I am therefore delighted to announce the establishment of the annual Earwig, Rodent and other Nauseating Irritants awards, aka the Ernies. As well as the top award, for Termite of the Year, we will also have other much-coveted Ernies, such as Best Supporting Termite, Best Spelling Mistake by a Termite, and Best Use of a Non-Sequitur in Argument by a Termite. The special Reuben Stewpot Trophy will be awarded to the termite who has made most uses of the perpendicular pronoun in postings on the Egregious Chess Forum over the previous 12 months. Those unlucky enough to miss out on a main award need not despair either, as they always have the possibility of winning one of our special Lifetime Non-Achievement Awards, something for which I expect there to be especially fierce competition amongst the termites.
Yes, you too could own one of these life-size statuettes of Reuben Stewpot! (photo: en.wikipedia.org)
The annual Ernies Night Awards Dinner, hopefully to be staged at Simpsons-in-the-Strand, on 30 February 2013, will be hosted by a world-famous celebrity, of whom you have never heard.
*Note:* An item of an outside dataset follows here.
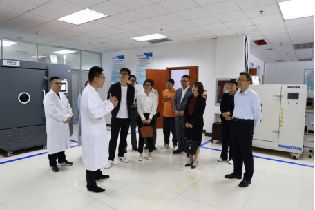 谢志新一行实地考察检验检测业务工作情况,到中心所属的山东省人造板及制品质量检验中心、国家化肥质检中心、食品大型仪器室及微生物实验室进行调研,详细了解中心实验条件、人才队伍建设、科研创新等相关工作。
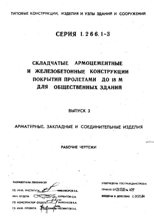 | Название стандарта | Складчатые армоцементные и железобетонные конструкции покрытий пролетами до 18 м для общественных зданий. |

The occasion will also see the delivery of the inaugural Dimwit Lecture. It had been intended that this would be given by the distinguished biographer, Mr Paul McClown, but unfortunately, he recently informed us that, despite 12 months' intensive work on his speech, he has still only got as far as "My Lords, ladies and gentlemen", and he remains unsure about the last three words. However, we are delighted to announce that Mr Ernie "Good Moaning" Crabtree, the distinguished former member of HM Constabulary, has agreed to step in at short notice, and will be speaking on the subject of "The impoct of globle finansing on the chess live of Cleveland, 2001-2012 - a cast-benifet analisis".
It promises to be a memorable occasion and tickets will go on sale shortly. All proceeds from the event will be invested in shares of Rentokil, manufacturers of some of the word's most effective pest control remedies. In accordance with best practice in the chess world, full accounts for the event will be published in due course, although we are unable to say precisely when this will happen or which of the relevant transactions will actually be recorded in those accounts, and there may also be difficulties in distinguishing between monies expended by myself in my personal capacity, and monies expended by me in my capacity as President of The Termite Extinction Society. But I assure you that everything will be above board, so I am sure that will be OK.